Original Link: https://www.anandtech.com/show/168
Introduction
Intel's roadmap has been carefully laid out for us at Microprocessor Forum, detailing every major product to come out of the Intel fab. plants until the year 2003. What about Intel's closest competitor in the PC market, AMD? Among AMD's plans is one very interesting processor, due out in the first half of 1999, the AMD K7. What is the AMD K7 all about? What's special about it? Find out... | |
AMD K7 Features
0.25 micron process
128K L1 cache
Alpha EV6 compatible, 200mhz front side bus
500+mhz initial speed
3DNow
Fully pipelined FPU
9 issue superscalar
Multiprocessor capable
H1 '99
AMD K7 Features Summarized
Looking at the specifications of the AMD K7, you can probably tell that it is going to pack quite a punch when it makes its way out of the fab. plants and into our systems. The AMD K7 will be made on a 0.25 micron process (0.25 micron = the size of the connections on the silicon wafer) initially, the current state of the art. This process should allow the K7 to run cool enough to reach speeds of 500mhz, but once the K7 reaches higher speeds, such as 700mhz, the 0.25 micron process might not be efficient enough to warrant stability. The 128K L1 cache is one of the more intriguing features of the AMD K7. Current state of the art processors have 64K L1 (The K6(-2) and 6x86MX are examples). L1 cache is where the most frequently used data is stored on the chip. L1 cache has extremely fast access times and is the most efficient place to retrieve data from. (More on cache in bandwidth discussion) Basically, more L1 cache speeds up software significantly, especially highly repetitive software, such as Microsoft Word and spread sheet software. (these programs do the same thing over, and over, and over). AMD, however, doesn't think 128K L1 cache is enough. They plan on using Digital's Alpha EV6 bus to transfer data from RAM to the CPU. The EV6 bus allows for RAM to CPU transfers of up to 200+mhz! (FrontSideBus) yielding a bandwidth of 2.6GB (Gigabytes) / sec.

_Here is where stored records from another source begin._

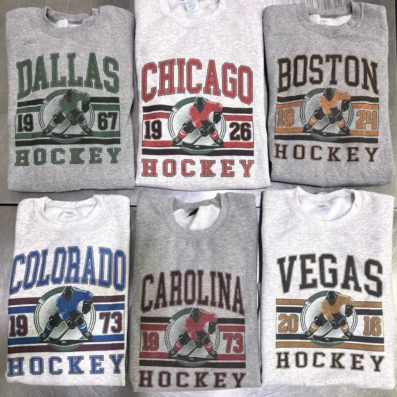 Vintage Hockey Graphic Sweatshirts - White Color Sports Hockey City Pullovers Retro Sports Sweatshirts Casual Hockey Game Top -  PTS
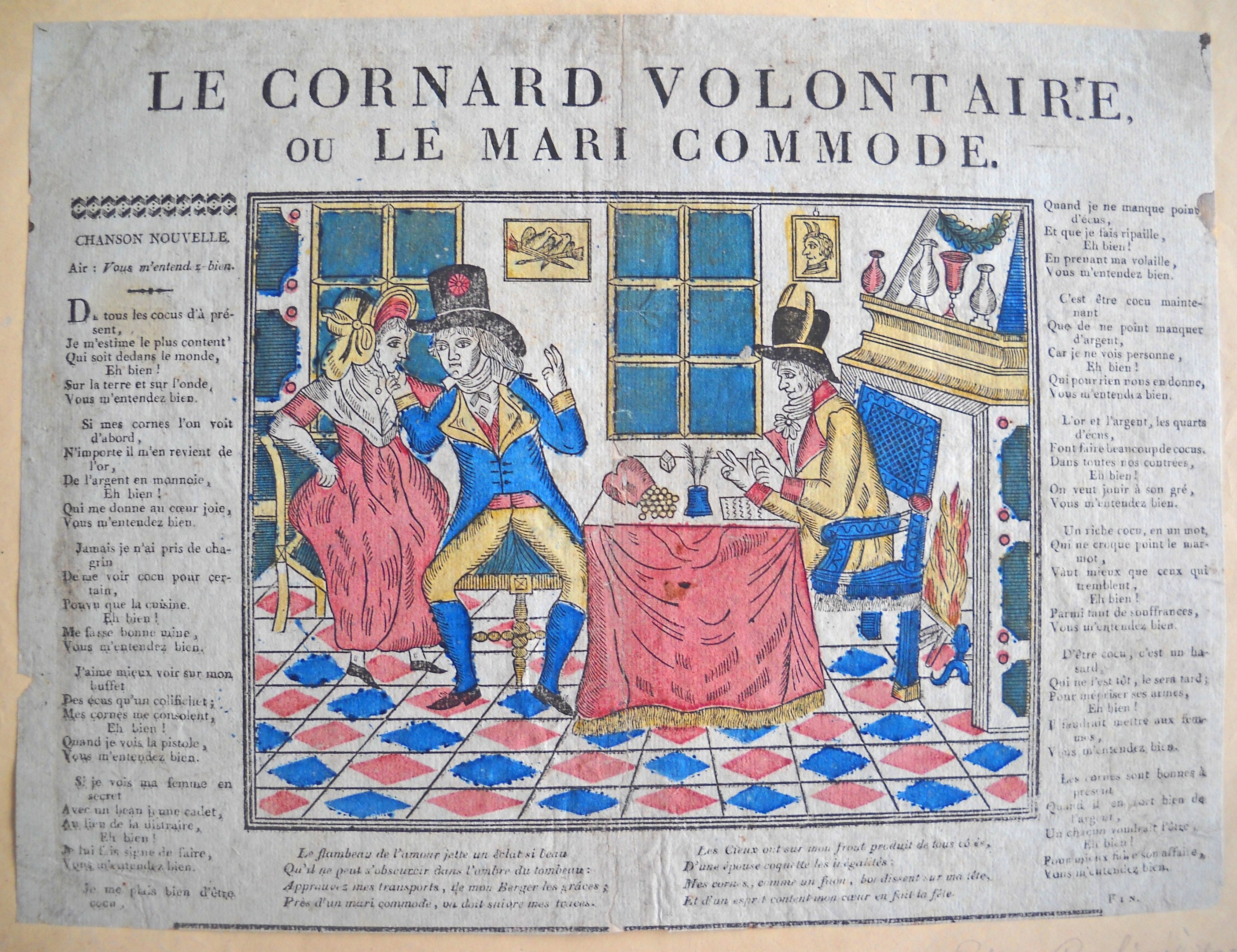 3 épreuves, gravures sur bois dont 2 aux coloris d'époque, sur papier vergé crème ou azuré: " SAINTE CLOTILDE, REINE DE FRANCE ", placée sous passe-partout, 39,5 x 29,5 cm (plis, tâches) - " LE CORNARD VOLONTAIRE, OU LE MARI COMMODE ", contrecollée sur feuillet, 27 x 35,5 cm (en l'état) - " SERMON EN PROVERBES, tant va la cruche à l'eau qu'enfin elle se casse ", 44 x 33,5 cm (plis, rousseurs).
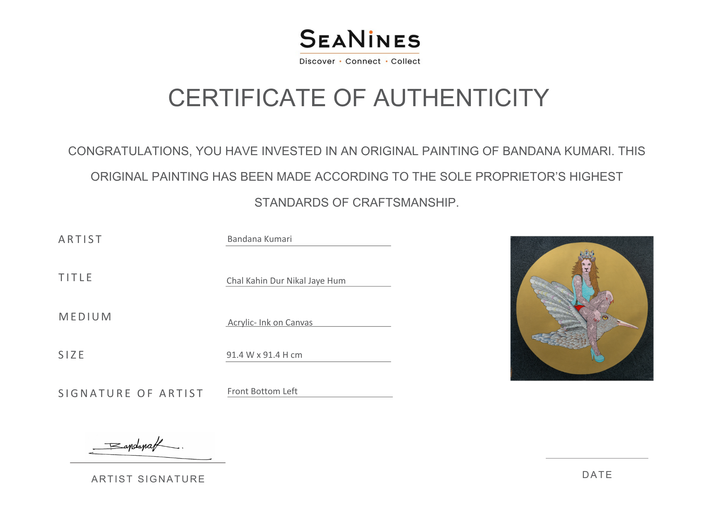 Bandana Kumari, her artwork present a depiction of different aspects of female with body of human and face of lioness. The body is covered with flowers, butterfly, fish grapes and more which represent the delicacy & softness of female on the other hand, her lioness head represent her strength and courage.
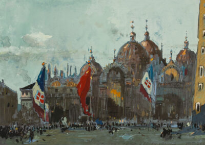 The main thread of Mamuka Tsetskhladze’s work was created in the post-Soviet era. It is astonishing that during such a difficult period, it still tells the story of the beauty of the world – describing its natural or created brilliance and the happiness of “being”. In this way his script and its existential narrative turn into an “anthem” of culture. The artist acts within the framework of the aesthetic and humanistic values that are manifested in the cultural categories of the world and accord life splendor and light. With this position, the artist introduces the idea of overcoming crisis through culture. He is an artist and culturologist who studies and paints the oases, icons and signs of universal culture: views of Paris with its squares, railway stations and bridges, Rome and Venice, Istanbul, the Samarkand mosques, the iridescent nights of Mumbai, landscapes of Tbilisi, the sky-blue beaches of Batumi and the Seychelles. He is interested in eternity captured in seconds: the illusory effect of simultaneous permanence and transience. The artist selects the specific atmosphere, lighting and weather effect, as well as color gradation for each work in order to create an unusual image from ordinary events and produce a celebration and a show. He is interested in cities and countries as the objects of civilization – the material systems of culture, whose aesthetic resources are designed to last an eternity.
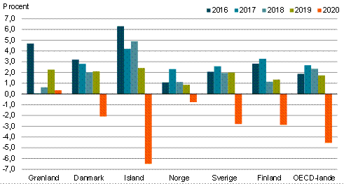 Af nedenstående figur fremgår det, at Grønland er kommet bedre gennem de økonomiske effekter af covid-19 pandemien end de fleste lande, som Grønland normalt sammenligner sig med. Den reale vækst i BNP for 2020 har været positiv i forhold til andre lande i Skandinavien samt OECD-landene. Hvis man tager vækstraterne i perioden 2016-2020, ligger den gennemsnitlige vækstrate i Grønland nu på en delt 2. plads med Danmark.
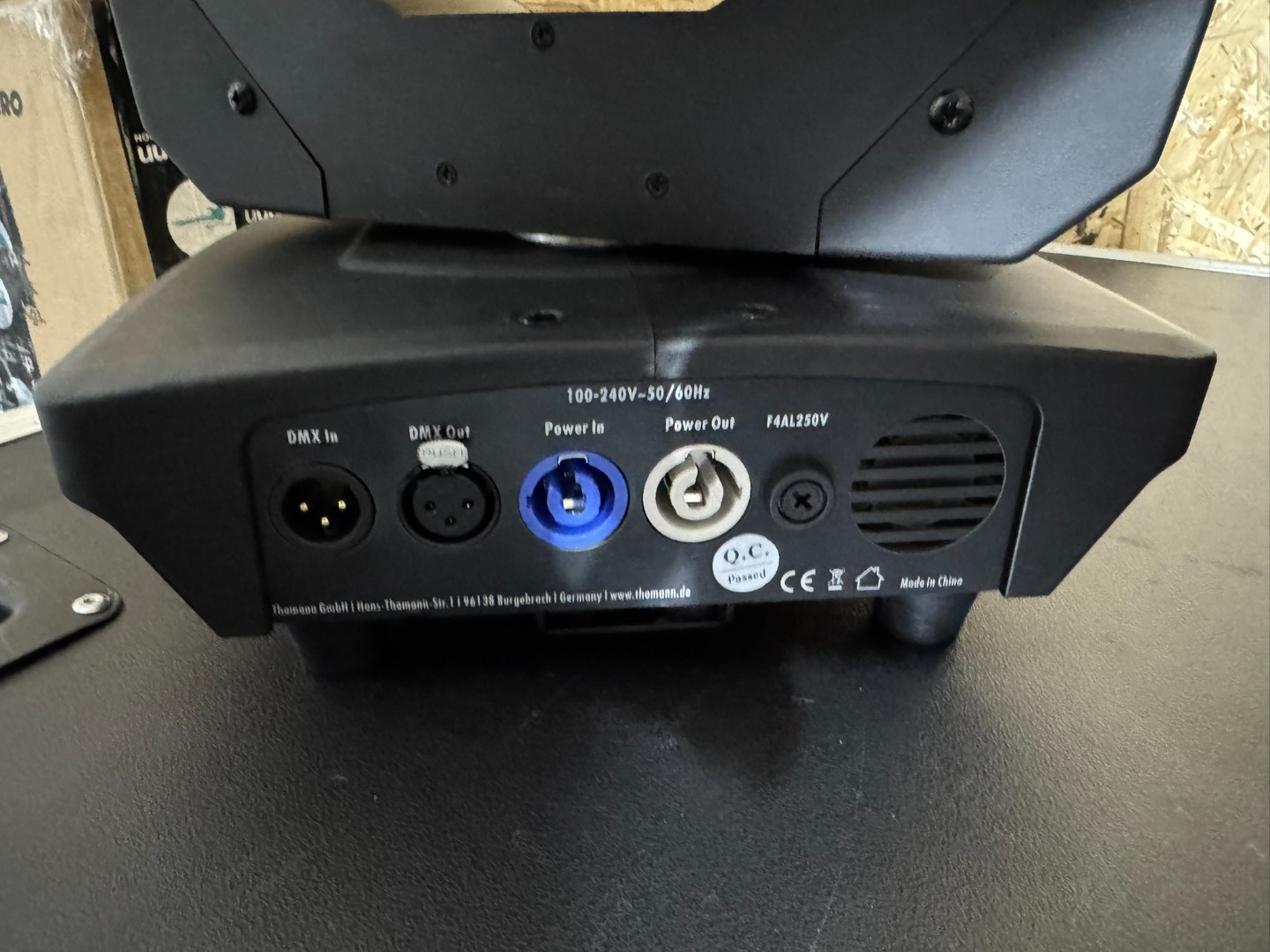 Die Lampen besitzen jeweils eine 90 Watt LED und mussten nie repariert werden. Das Leuchtmittel reicht für Kleine bis Mittelgroße Veranstaltungen aus. Alle Geräte verfügen über einen 3-Pin DMX Anschluss sowie Powercon.

Another cool feature of the K7 is the fully pipelined FPU, which, according to AMD is supposed to peak at two instructions per clock. If this is true, the K7 will significantly outperform Intel equivalents in FPU intensive applications. 3DNow will of course be implemented, to add to the gaming horse power of the AMD K7.
The K7 will fit in a Slot A, (A Slot similar to Slot 1, but using a different protocol to transfer data (EV6) and house the L2 cache in the cartridge like the Pentium II.
The core is a seventh generation core with advanced scheduling, branch prediction, pipelining and more...
3DNow!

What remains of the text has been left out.